Using the listing below, output only the lines from the one that contains "グループごとにテーマをもち、" through the one that contains "This page presents", inclusive, exactly as given and without images.

Excerpted data

<<<<

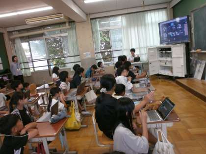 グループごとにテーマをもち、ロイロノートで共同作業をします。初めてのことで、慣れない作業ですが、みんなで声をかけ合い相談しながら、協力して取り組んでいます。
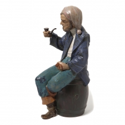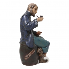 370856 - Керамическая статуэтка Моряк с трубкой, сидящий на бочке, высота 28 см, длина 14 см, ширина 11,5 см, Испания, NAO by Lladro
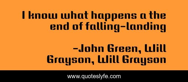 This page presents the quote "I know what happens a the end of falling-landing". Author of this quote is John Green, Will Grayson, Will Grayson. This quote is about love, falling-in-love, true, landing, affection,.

>>>>
<<<<

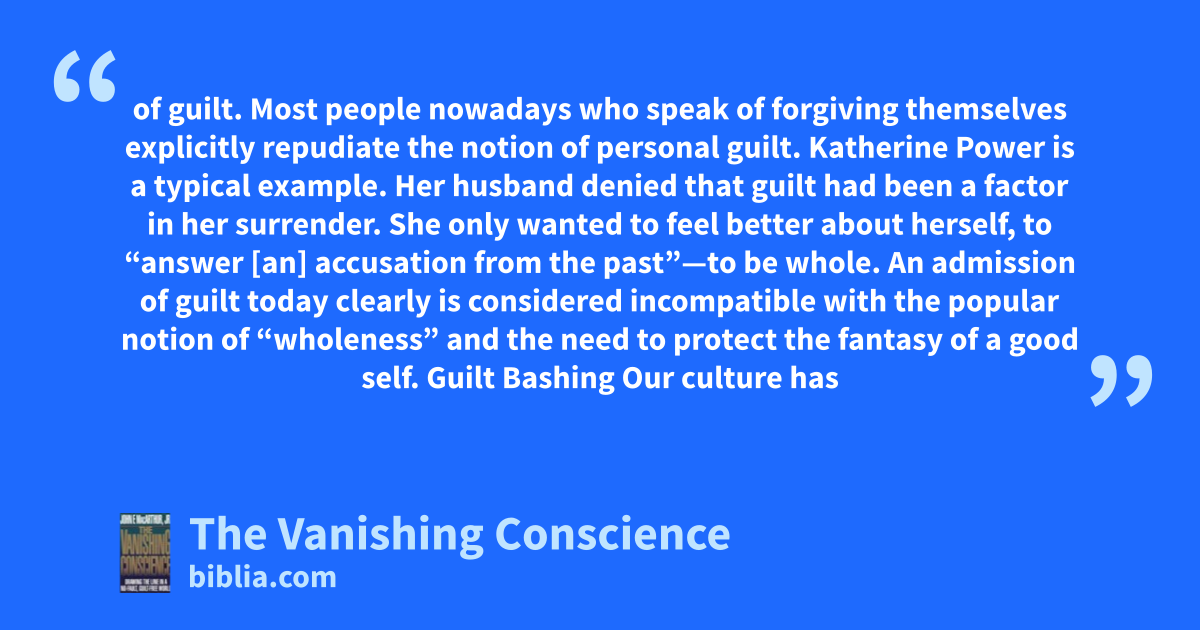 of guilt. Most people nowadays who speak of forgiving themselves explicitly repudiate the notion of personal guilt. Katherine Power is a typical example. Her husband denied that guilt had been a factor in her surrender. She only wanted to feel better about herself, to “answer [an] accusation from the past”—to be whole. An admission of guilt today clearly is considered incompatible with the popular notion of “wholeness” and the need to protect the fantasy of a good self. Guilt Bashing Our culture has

>>>>

Answer section
 グループごとにテーマをもち、ロイロノートで共同作業をします。初めてのことで、慣れない作業ですが、みんなで声をかけ合い相談しながら、協力して取り組んでいます。
 370856 - Керамическая статуэтка Моряк с трубкой, сидящий на бочке, высота 28 см, длина 14 см, ширина 11,5 см, Испания, NAO by Lladro
 This page presents the quote "I know what happens a the end of falling-landing". Author of this quote is John Green, Will Grayson, Will Grayson. This quote is about love, falling-in-love, true, landing, affection,.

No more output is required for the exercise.